Opinion
Video
Author(s):
Laura Spring, MD, and Manali Bhave, MD, highlight promising new systemic treatment options on the horizon for patients with metastatic breast cancer, including T-DM1 for HER2-low disease, the AKT inhibitor capivasertib, and novel endocrine therapies.
As they wrap up the discussion, Bhave asks Spring about any novel therapeutics or exciting data from the San Antonio Breast Cancer Symposium in 2023.
Spring highlights the ongoing DESTINY-Breast12 trial evaluating trastuzumab deruxtecan monotherapy in patients with metastatic HER2-low (IHC 1+/2+) or HER2 IHC 0 (ultra-low) breast cancer. This study builds upon the phase 2 DAISY trial showing meaningful activity with T-DXd even in IHC 0 patients, underscoring the complexity of HER2 assessment and the potential for benefit across the spectrum of low HER2 expression.

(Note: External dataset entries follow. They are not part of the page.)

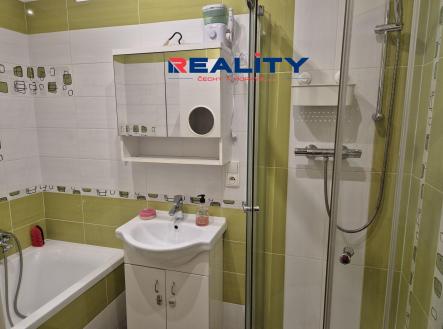 V koupelně je umístěna vana i sprchový kout, což poskytuje příjemný komfort.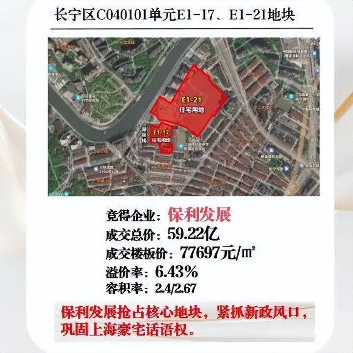 上海2026年度第二批次集中土拍落幕,仅有长宁区一幅宅地出让,最终保利发展59.2175亿成功拿下长宁区C040101单元E1-17、E1-21地块,溢价率6.4%,成交楼板价7.77万每平。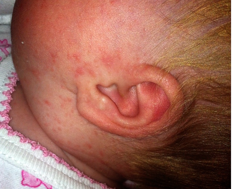 Высыпания на кожеПосмотрите, пожалуйста, что это? Это у нас на шейке, лобике. Щечки чистые и везде чисто. Нам почти 1,5 месяца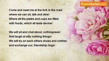 Come on down the road a piece <br />just come and pull on in the drive! <br />If you don't see me out in the yard <br />then I might be just inside! <br /> <br />Come on in and set a spell <br />kick back and let's just talk a bit! <br />Now pour yourself a cup of coffee dear <br />and let's both, chat and sip! <br /> <br />Come on down the road anytime! <br />I'm always ready, to have a friendly, neighbor talk! <br />I'm not ever that far away, you know? <br />where you couldn't, just walk a bit! <br /> <br />- By Linda Winchell <br /> Published 2008/04/11<br /><br />Linda Winchell<br /><br />http://www.poemhunter.com/poem/come-on-down-the-road/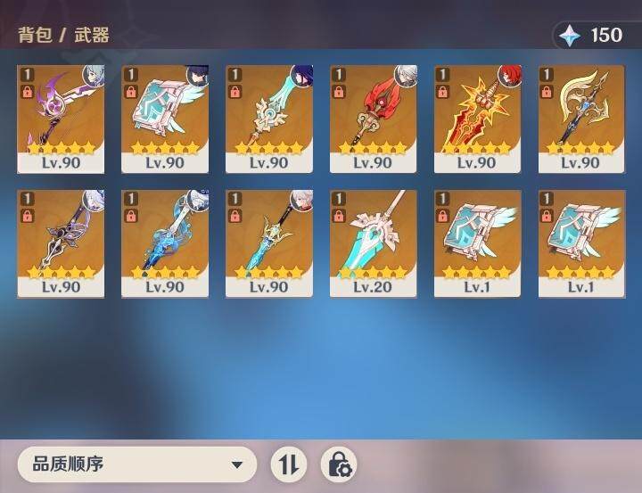【武器】 飞雷之弦振 天空之卷 天空之脊 护摩之杖 苍古自由之誓 天空之傲

Bhave notes updates in the endocrine-sensitive space as well, including the recent approval of the first AKT inhibitor, capivasertib, based on a study showing a 4-month progression-free survival benefit when combined with fulvestrant (7 months total). However, the approval is limited to patients with alterations in AKT or the PI3K pathway based on subgroup analyses. She emphasizes the importance of patient education regarding the unique dosing schedule (4 days on/3 days off) and potential side effects like diarrhea.
Both express excitement about the progress with novel endocrine agents as monotherapy and in combinations, such as PROTACs, SARMs, and SERDs like lasofoxifene, as well as ongoing trials combining newer oral SERDs with everolimus or AKT inhibitors.
In closing, they reflect on the rapid advancements and expanding treatment options in breast cancer over recent years. Spring thanks Bhave for the insightful discussion and the audience for their attention, hoping the program proves valuable in managing breast cancer patients.
This summary was AI-generated and edited for clarity.